For hundreds of Maltese runners, the Malta Marathon has now become an annual appointment with a sport they love. For most of them, it has also been the inspiration to pick up the running shoes and go out running.

Only one man, however, can claim to have been there from the start... Charles Darmanin.

As a record entry lines up at the Rabat starting point on Sunday, Darmanin will be there for the 27th time and if he crosses the finishing line in Sliema he will become the only one to have successfully completed all editions of the Malta Marathon so far.

Others were there with him 27 years ago and have continued running but he is the only one still doing the full marathon.

The longest-serving active runner at St Patrick’s Athletics Club, Darmanin’s first race for the Saints was way back in 1964 as a nine-year-old.

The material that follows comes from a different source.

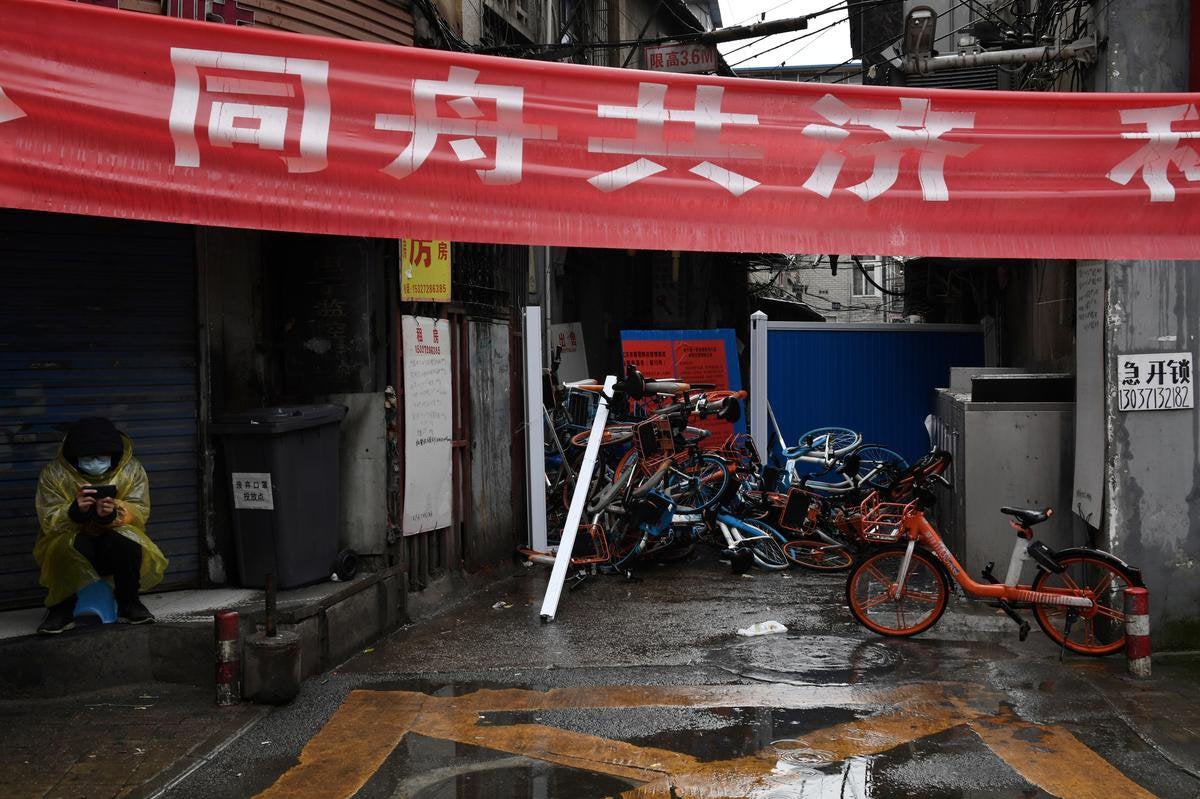 Một người canh gác trước lối vào khu dân cư tại Vũ Hán, Trung Quốc khi dịch bệnh chưa được kiểm soát (ảnh: SCMP)

Some feat, considering that the club itself – the oldest in Malta – will be celebrating its 50th anni-versary from its foundation by Fr Michael O’Meara in 1962.

Darmanin remembers the first editions of the Malta marathon quite well.

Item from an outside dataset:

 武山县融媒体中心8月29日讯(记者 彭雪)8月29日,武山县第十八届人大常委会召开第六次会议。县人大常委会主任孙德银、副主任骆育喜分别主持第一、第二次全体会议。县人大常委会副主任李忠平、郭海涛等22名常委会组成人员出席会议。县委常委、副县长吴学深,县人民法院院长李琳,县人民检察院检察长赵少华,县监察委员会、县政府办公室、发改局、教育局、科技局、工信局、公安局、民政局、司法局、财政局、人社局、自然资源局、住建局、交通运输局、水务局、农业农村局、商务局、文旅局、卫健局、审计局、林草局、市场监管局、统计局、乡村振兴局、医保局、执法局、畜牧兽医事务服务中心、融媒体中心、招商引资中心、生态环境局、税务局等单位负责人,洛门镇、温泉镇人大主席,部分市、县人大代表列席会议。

At the time, running such long distances was a novelty here and it was not easy to prepare ade-quately.

“I was in London a few weeks before and got a pair of Dunlop branded shoes for that first marathon in 1986,” he recalls.

“I thought ‘if the name was a good brand for tyres then it must be good for running as well’. I was utterly wrong... my feet ached for weeks after that marathon.”

In 1990, Darmanin took part in the first Malta International Challenge Marathon, another event that he has completed every year since, and a year later he and his wife Antoinette became the first Maltese couple to complete the marathon in Malta.

After seven self-coached marathons, Darmanin clocked his best time of 2hrs 58mins and the following year he improved to 2hrs 56mins.

Then, at the age of 40 in 1995, he did his best time ever over the 42km distance – 2hrs 51mins.

That year he also became a qualified coach and started mentoring some runners over long distances.

He now had to sacrifice personal ambitions to run with and encourage athletes he was coaching.

“Seeing them all at the finish ranks among the best experiences I’ve ever had in the race,” he said.

“On the other hand, my worst time in the marathon was three years ago when a knee injury almost stopped me from reaching the finish line. But marathon racing is no easy task. Of course, if it wasn’t hard everyone would do it!

“You need inspiration and a phrase I read once made a lasting impression on me. It goes ‘when you’re feeling anxious on that starting line, thinking with doubts in your mind about seeing the finish line, just keep in mind the nine in 10 people who never run at all, the nine in 10 runners who never enter races, and the nine in 10 racers who never enter marathons’.

“This phrase I repeat to my athletes and I also add a quote by the late Dr George Sheehan... ‘winning is never having to say I quit’.”

Nowhere is that truer than in running a marathon, where you win simply by not giving up on yourself, Darmanin adds. As someone who has been there every year, he’s the living example of that philosophy.